The dismissal leaves the central dispute unresolved. It also allows Pastel Cartel to bring the claims again because the case was dismissed without prejudice.
Pastel Cartel and the FDA filed a stipulation on July 7, and Senior U.S. District Judge David A. Ezra dismissed the case the next day. The one-page order did not decide whether the agency acted lawfully. It simply closed a case that had been pending since August 2023.
The company challenged refuse-to-accept (RTA) letters covering disposable vapes and bottled e-liquids sold under the Esco Bar name. Pastel Cartel argued that the FDA used technical filing defects to block applications before any scientific review could begin, according to the first report of the dismissal.

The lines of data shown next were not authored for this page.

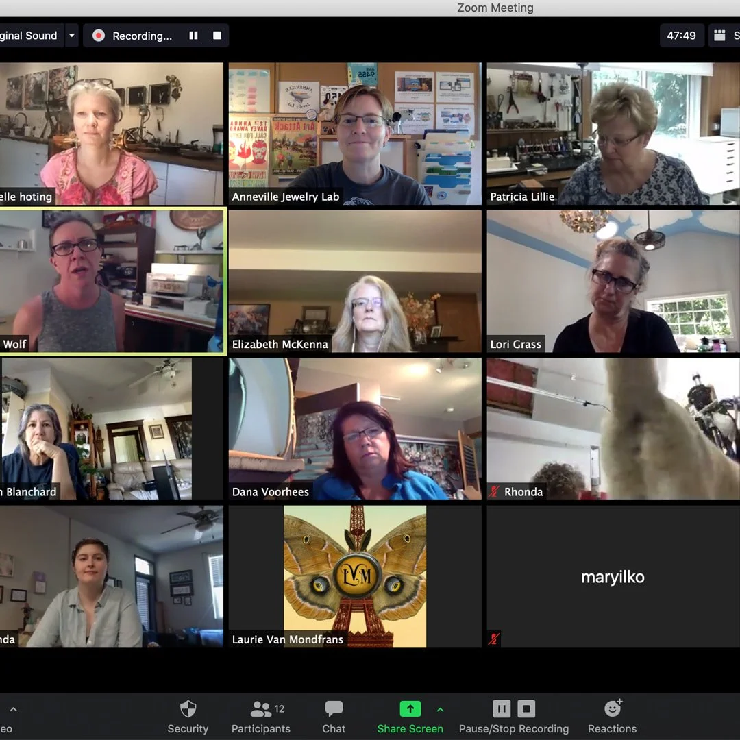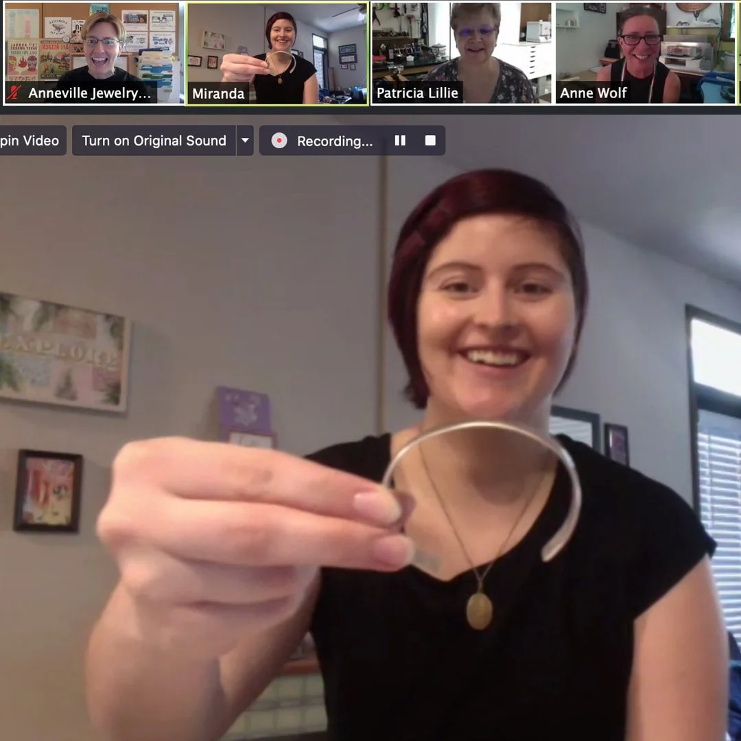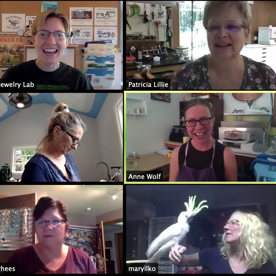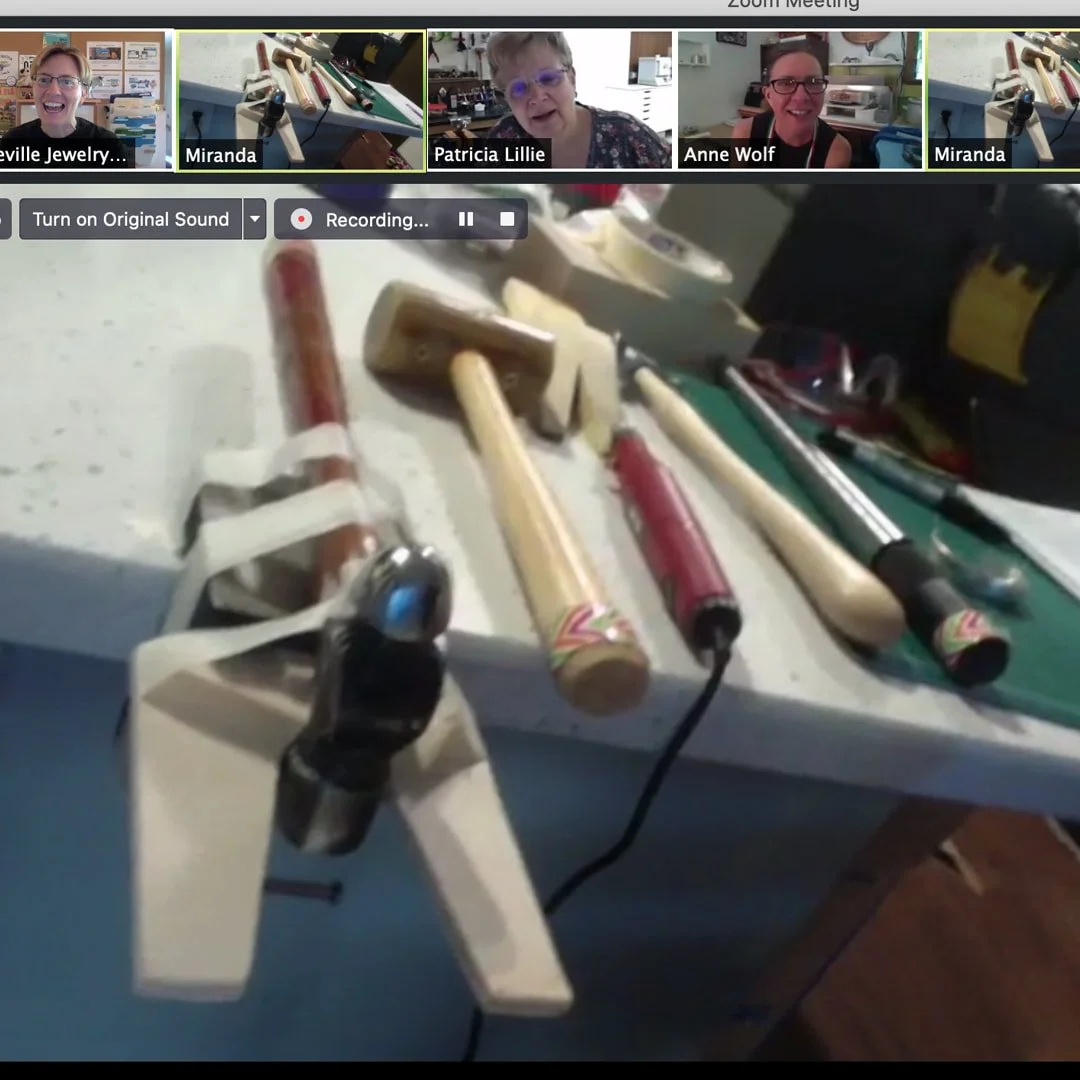 6/15/2020 - Over the second week of June, Anne taught her first online class at Anneville Jewelry Lab to an enthusiastic group of 10 students ranging from San Diego to Georgia all the way to Edmonton, Canada. Blazing ahead through the vagaries of technology, Anne guided the students through the creation of a stunning mokume gane bracelet, and the resulting student works were fantastic! Along with the learning we also had a lot of fun seeing each other's home studios and tools. San Diego local Miranda created a gorgeous bracelet using her very basic but ingenious kitchen table set up of masking tape & ballpeen hammer stake proving that you don't need a ton of tools to make cool stuff. Speaking of tools though, check out Mary's uber-cool mandrel! We also got a kick out of guest appearances by Laurie's dog Rusty (great name for a metalsmith's dog-LOL!), Jasper the very fabulous cockatiel and various cats - who unequivocally let us know exactly what they thought of the whole thing. Read on for more photos and Anne's thoughts on the class.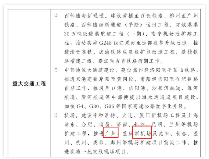另外,前段时间,珠三角枢纽(广州新)机场入选国家发改委2025年重点领域重大投资项目名单。今年,国家发改委将推进该新机场项目的前期工作。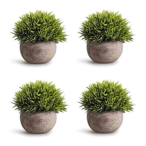 CDWERD Planta Artificial para macetas, Mini Hierba Bonsai con macetas Grises, para casa, Oficina, decoración, Boda, cumpleaños (4 Unidades)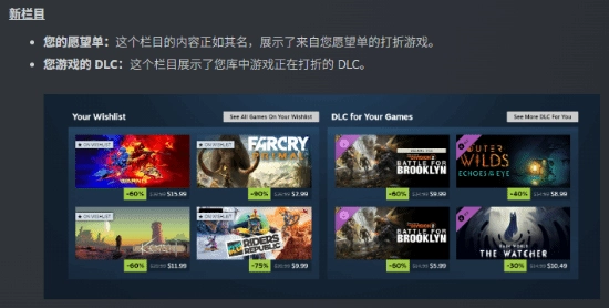 值得注意的是,除了上述优化和改动外,Steam在此次Beta测试更新中还加入了两个新的商店栏目:折扣愿望单&折扣DLC: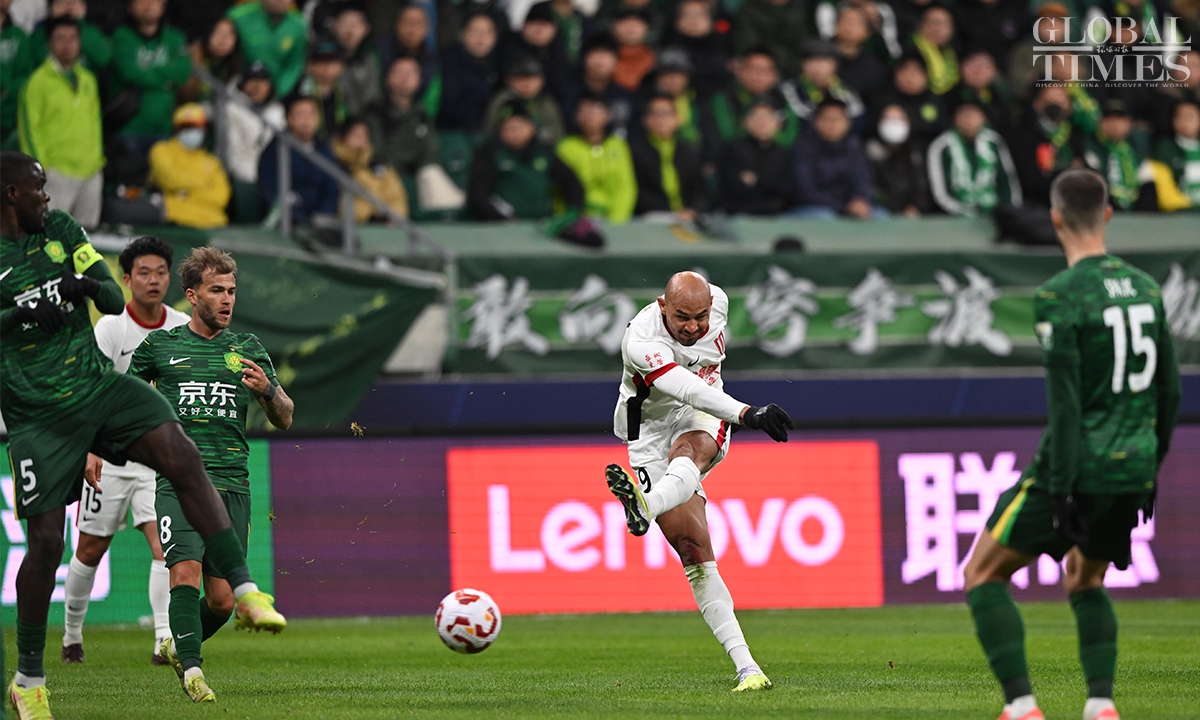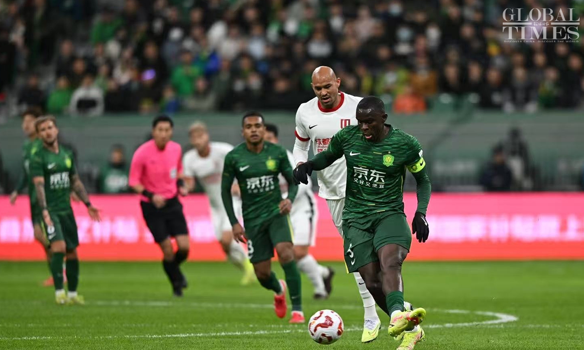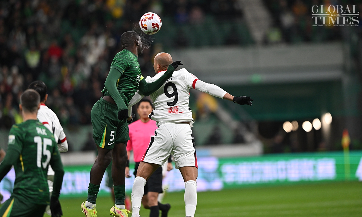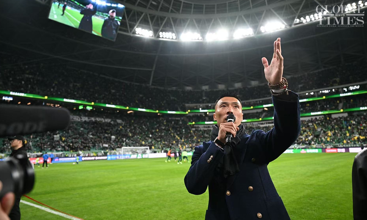 In a highly anticipated Chinese Super League match on Saturday, 10-man Beijing Guoan weathered a late storm from Chengdu Rongcheng to hold their opponents to a 1-1 draw at Workers' Stadium in Beijing. The match was Guoan’s first home game of the season, with a total of 52,982 spectators in attendance. Former Guoan captain Yu Dabao was honored with a retirement ceremony on the sidelines of the match. (Photos: Cui Meng/GT)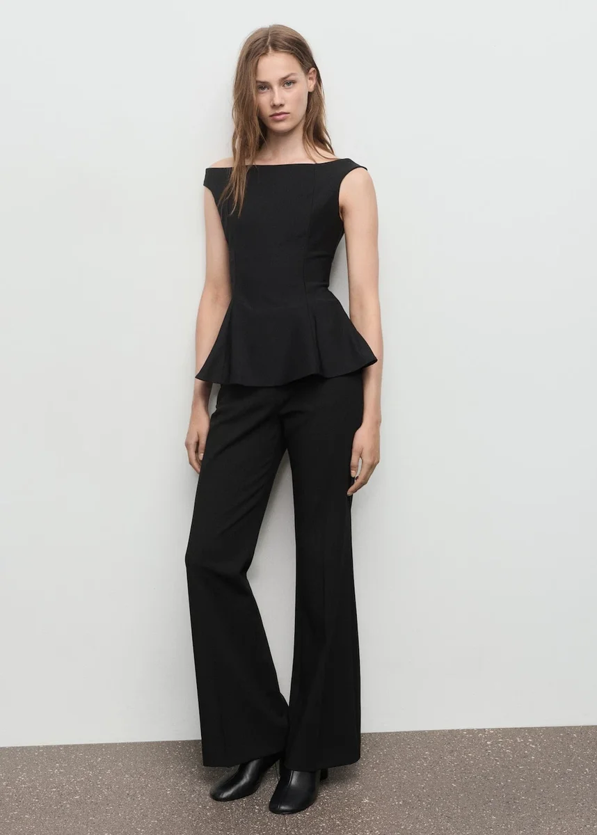 Tento top s přiléhavým střihem a peplumem má bezramínkový výstřih a zapínání na zip na boku.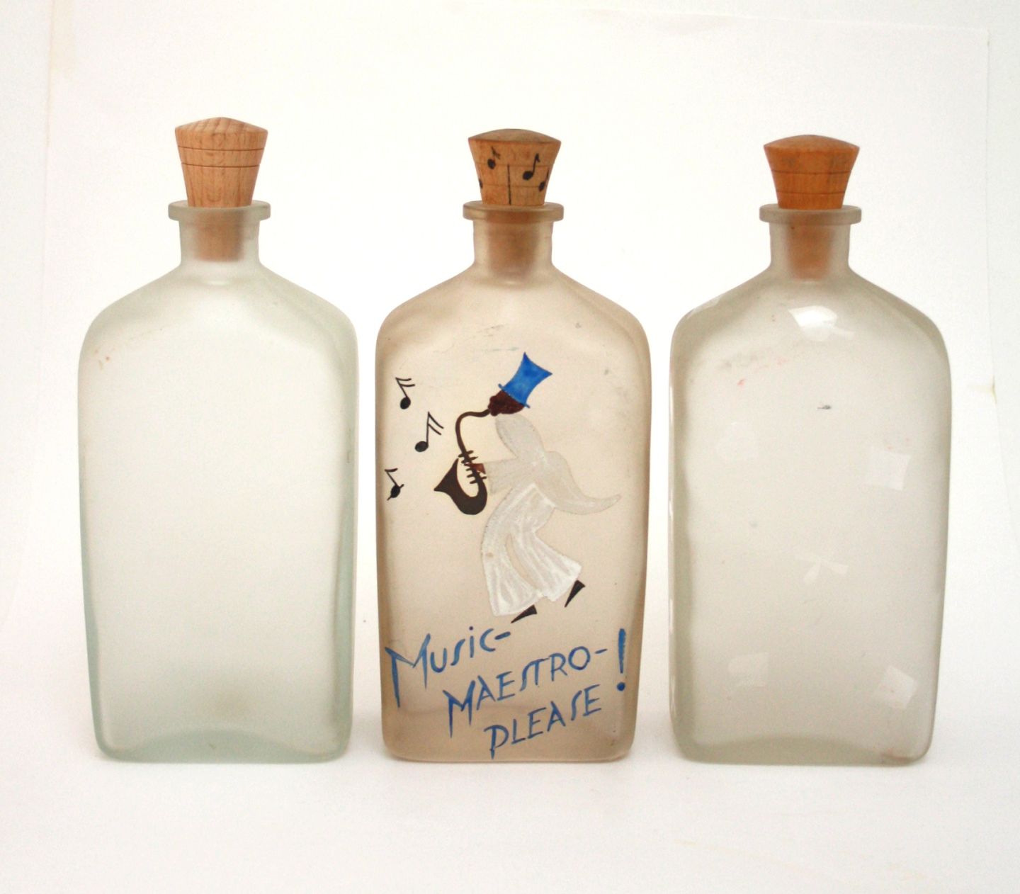 Midten. Flaske med jazzmusiker og noder på prop. Tekst "Music - Maestro - Please! Højde 22,5 cm. Pris: SOLGT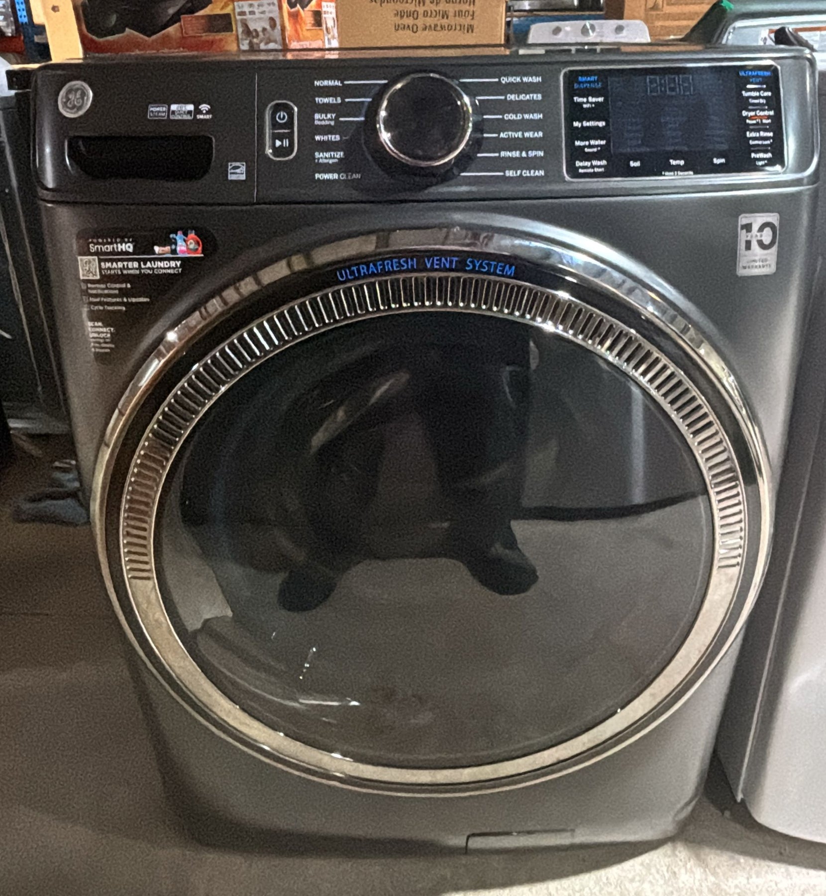 GE GFW655SPVDS Front Load Washer, 28 inch Width, 5.8 cu. ft. Washer Capacity, 1,300 RPM Washer Spin Speed, 12 Wash Cycles, 5 Temperature Settings, Steam Clean, ENERGY STAR Certified, Wifi Enabled, Graphite colour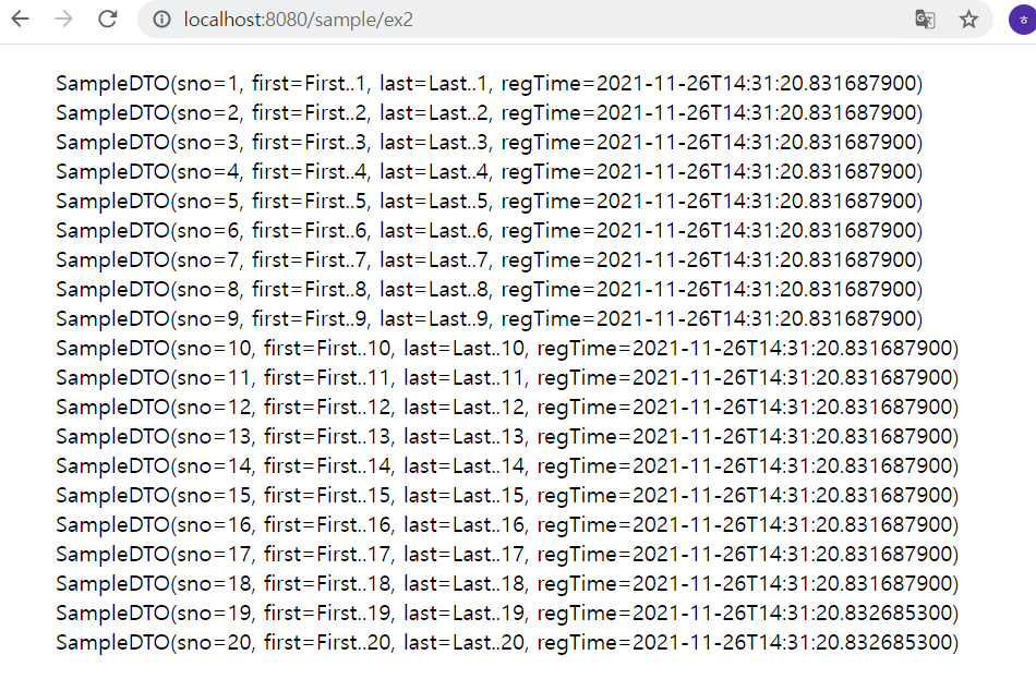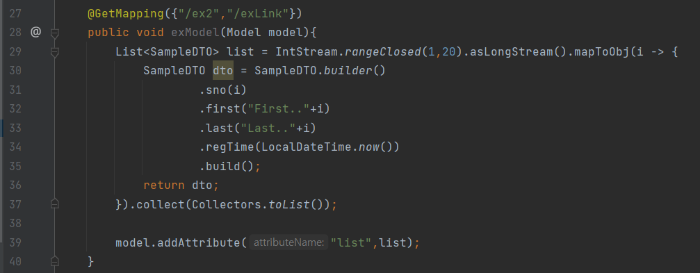 SampleController클래스의 exModel메서드를 선언해주고 위와같이 선언된 변수에 20개의 객체를 넣어준후 이를 Model에 담아서 전송한다.
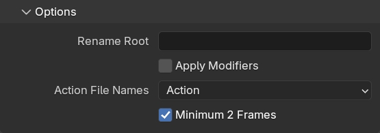 When exporting Actions as FBX animations, the format to use for their file names. Can optionally enter a shared name that will be combined with Action names.

An RTA is not a marketing denial order (MDO). The FDA describes acceptance review as the first stage of the PMTA process. An application that passes moves toward filing and scientific review; an application that receives an RTA stops at the gate. The agency’s own PMTA review outline makes that sequence clear.
That distinction mattered because Pastel Cartel was not asking a court to overturn a scientific judgment about whether its products benefited public health. It was asking the court to review the agency’s refusal to consider the applications at all. The suit sought an injunction against the RTA letters while the challenge proceeded.
Pastel Cartel claimed the agency wrongly found that the required Tobacco Product Master File authorizations were missing. It also challenged the FDA’s reliance on revised application forms that appeared near the submission deadline. The amended complaint alleged violations of the Administrative Procedure Act and the Fifth Amendment’s Due Process Clause. A Justice Department summary of the case says the court denied Pastel Cartel’s preliminary injunction request without prejudice in December 2023.
The company’s withdrawal means the FDA never had to win those arguments on the merits.
Esco Bar had already become a major target in the agency’s disposable-vape enforcement campaign. In May 2023, the FDA announced warning letters and an import alert, saying Esco Bar products lacked marketing authorization. The agency later clarified its import policy, saying unauthorized imported e-cigarettes may be detained without physical examination, and a pending application creates no legal safe harbor.
For manufacturers, the result is familiar and unsatisfying. The FDA’s acceptance-stage gatekeeping survives this challenge not because a court approved it, but because the challenger walked away before the court ruled.